Momma always told me I was a bad boy! Seriously though, while it was technically afoul the stop sign, I was looking out for conflicting traffic, and if none was presently approaching, proceeding through the intersection. The whole chase is only at about 15 miles per hour...stopping distance at that speed is super small. Measured risk, I suppose.
If your footage was used of the car accident and they saw that the investigation crew and Police can cite you for the stop sign before the crash. Just saying
Gates don't do much...in fact, there is a decent chance that gates add to the injury rate because people take longer to go around the gates than to go straight through. If people should just stop on the lights, but they don't even for gates. It's a losing battle, unfortunately!
If the person driving that car cant hear a train horn, see the big orange engine or just had something so important they needed to do that they couldnt wait just a minute for it to pass then they really dont need to be driving.Highly doubt insurance is going to get him a new car, but dont think that walking would even be a safe option for that idiot. Glad he wasnt hurt but hopefully learned a good lesson.
I just wonder why people are still stupid enough to do this... they know if they survive they have to pay a fine... which is worse than waiting for like 3 minutes or less... and they have a 75% chance of being hit... But... they still do it... And it's terrible..

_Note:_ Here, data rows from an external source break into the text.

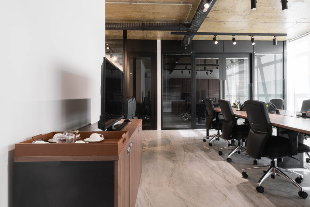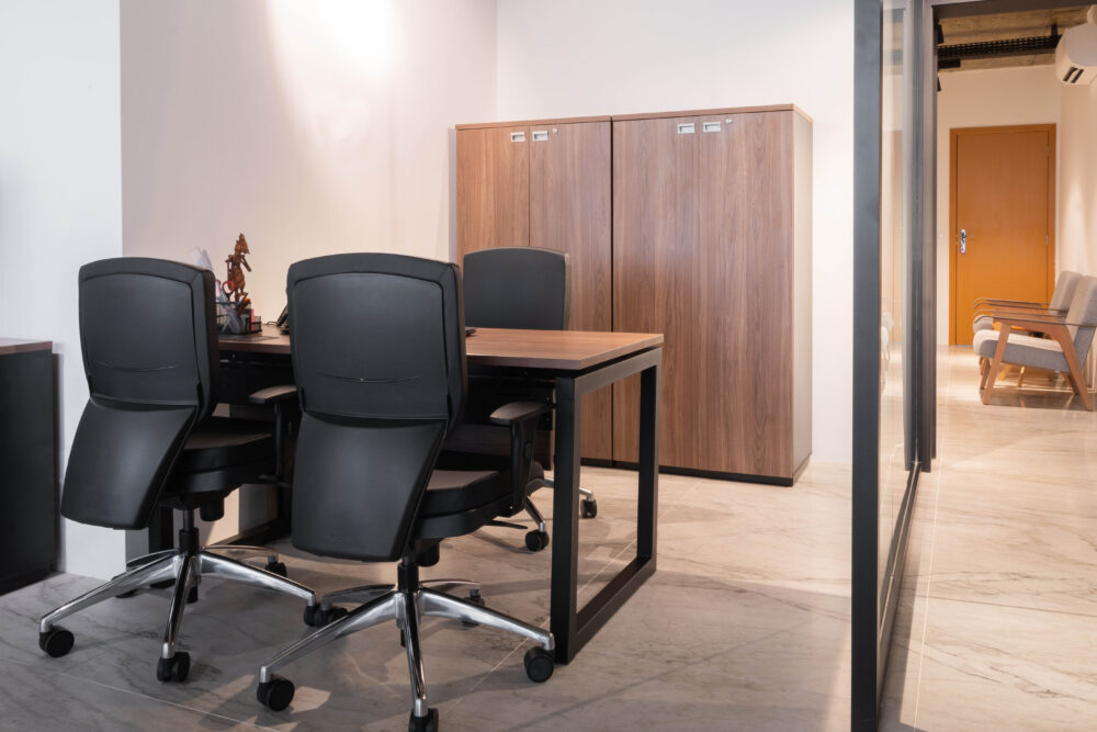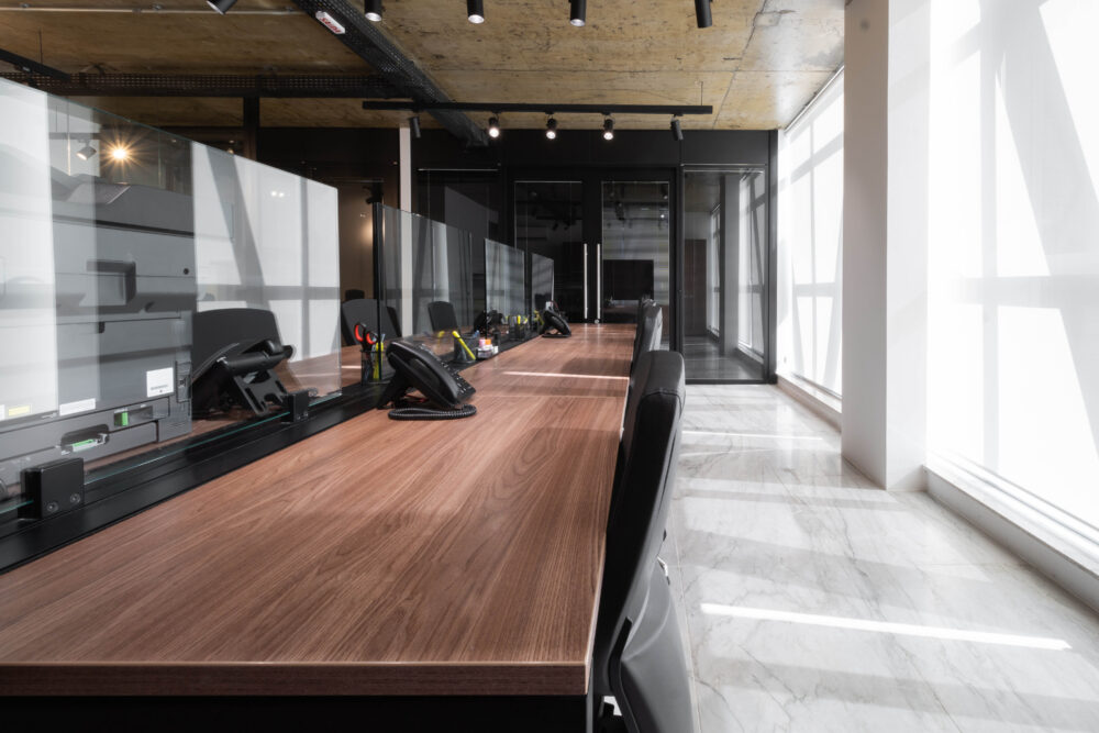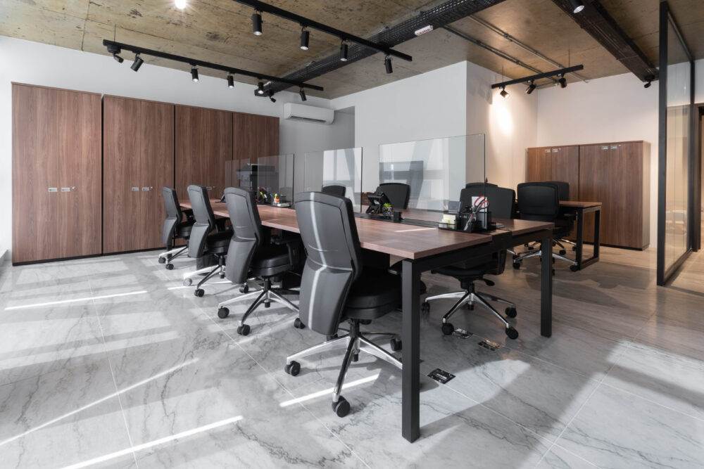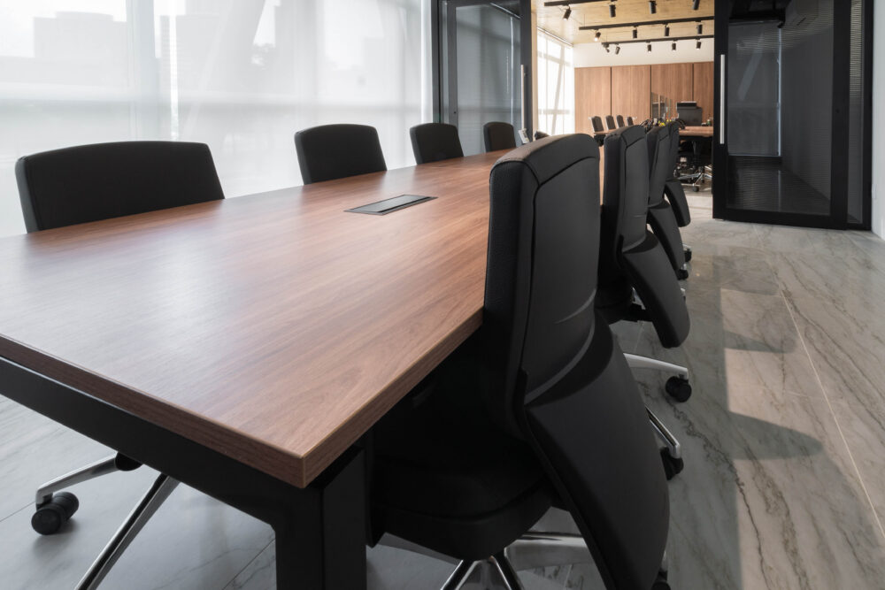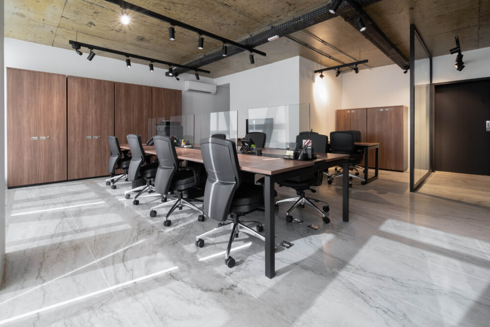 Na escolha dos mobiliários, a linha Work foi aplicada em todos os ambientes operacionais, com tons amadeirados nos tampos e estrutura preta, resultando em um visual contemporâneo e sofisticado. As cadeiras Energy foram utilizadas nas áreas operacionais, garantindo ergonomia e conforto ao time. Já para a diretoria, o destaque ficou por conta da imponente linha Boss, complementada pelas poltronas da linha Hospitality, agregando sofisticação aos espaços de reuniões e recepção.
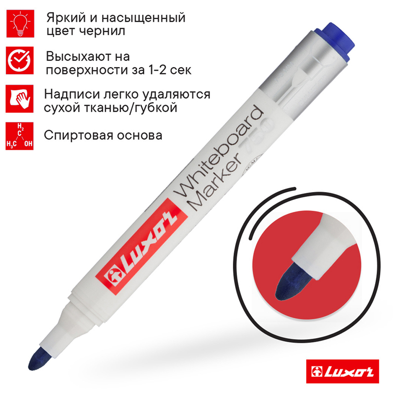 Набор маркеров Luxor 750. Маркер для белой доски предназначен для надписей на досках с магнитно-маркерной и на других непористых поверхностях: стекло, фарфор, пленка.
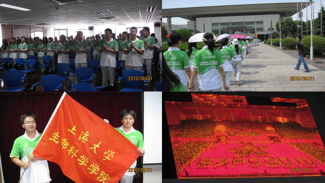 下午3点整,各师生入场完毕了,可以清晰地发现,会议现场身穿蓝色志愿者服的城区志愿者们组成了可爱的海宝形象,而身穿绿色志愿者服的园区志愿者们则组成EXPO2010的形状。首先进行的就是口号传递环节,在一浪高过一浪的传递过程中,生科的学子们高声地喊出了自己的心声:"生命赞歌、唱响世博!世博我们赞美你!生命加油!" 然后,轻松欢快的海宝舞正式地拉开了本次大会的序幕。会议上,众多领导都发表了感言,感人的画面也在不断上演,志愿者们都受到了极大的鼓舞。最后,校党委书记于信汇做了动员讲话。希望同学们要牢记使命,在服务中展现风采、传播世博理念;要磨练品格,在服务中增长才干、践行志愿精神;要淡泊名利,在服务中净化心灵、探寻人生价值。 通过参加此次誓师大会,生科的世博志愿者们又进一步地了解了自己所要肩负的重任。同时,大家也都充满了信心,会努力成为低碳世博的先行者,文明观博的倡导者,城市精神的传播者;将不畏困难,真正展示上大学子乐观向上的活力、海纳百川的胸襟、自强不息的精神和勇于担当的气魄,为世博会书写绚丽的篇章。
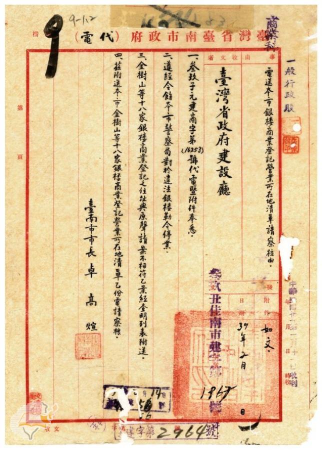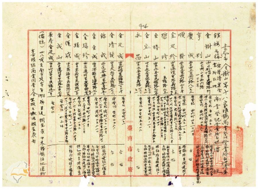 台南市政府(1950-03-14)。[案由:電送台南市銀樓商業登記營業所在地清單請察核由]。《數位典藏與數位學習聯合目錄》。http://catalog.digitalarchives.tw/item/00/42/22/89.html(2025/01/03瀏覽)。
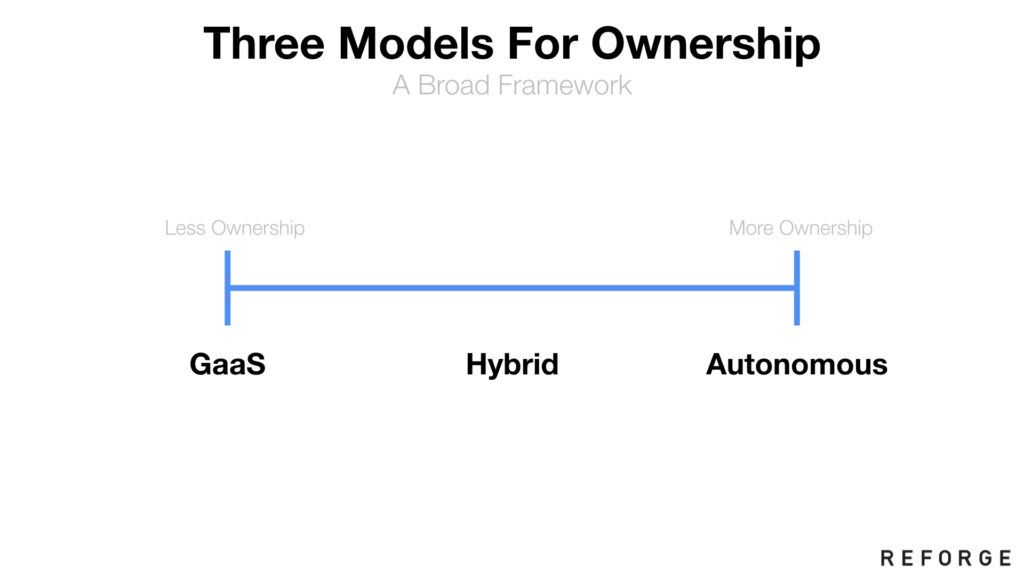 上图:你还得决定所有权模式。有两个极端:增长即服务(GaaS)以及自动化。以及介乎其间的一切。
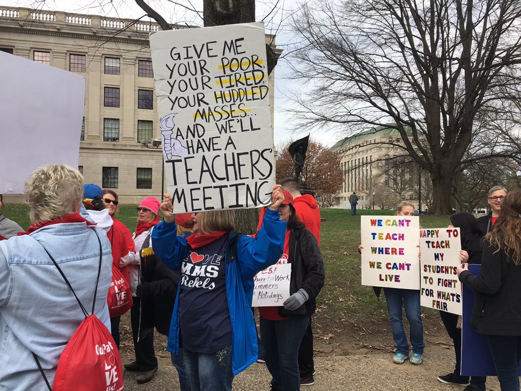 More and more teachers and supporters are turning out to argue for higher wages and benefits at the WV statehouse.pic.twitter.com/cUHvT8EUyt
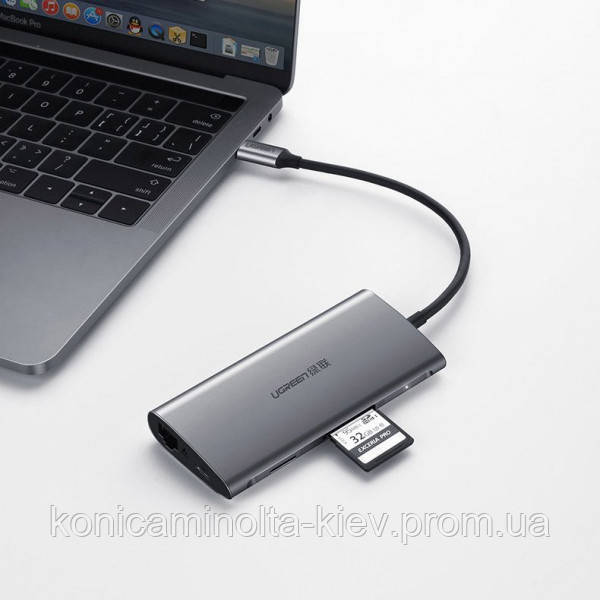 Док-станція USB3.0 Type-C –> USB 3.0×3/HDMI/RJ45/SD&TF/PD Ugreen CM121 Сіра (50538)
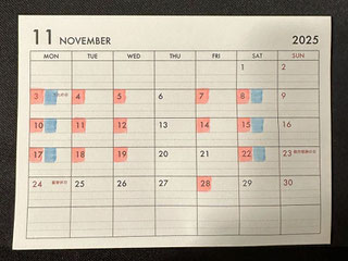 レッスン日程 · 2025/10/11 11月レッスン日のお知らせ♪ こんにちは。千葉市緑区・市原市のリトミック・ピアノ教室りとぴょんです。 先日発表会が終わり、生徒さんたちは教本に戻り、新しい曲を練習し始めました 生徒の皆さん、一生懸命練習すると、ハロウィンにいい事があるかも・・・ そして、 発表会後、皆さんから素敵な贈り物をいただきました お菓子や、心のこもったお手紙をありがとうございました 生徒さん本人からの可愛らしいお手紙や絵も、お母様からのお手紙も大変うれしく読ませていただきました 毎日の励みになります 11月レッスン日です。 グループレッスンの方・・・青 個人レッスンの方・・・ピンク tagPlaceholderカテゴリ: コメントをお書きください コメント: 0

the train wins every time ... glad no one was hurt. nice shot of these Genese and Wyoming locos
I have seen some locomotives with malfunctioning ditch lights, but 2019 is more confused that HSP46 2004. She can't decide to have both lights flashing or even in at the same time. But you know who is more confused than that: the car driver who hit the train.
Our railroad used to own 2019 (B&P/G&W 51) and lets just say her lights are too dumb.
This company has trains and locomotives in this livery here in Australia.
This is clearly the trains fault, how are drivers supposed to see or hear a brightly colored train with bells ringing and air horn blasting on a clear sunny day?
philyfred trains had right of way since day one
philyfred No it's not, it's the drivers fault because he raced the train in the first place!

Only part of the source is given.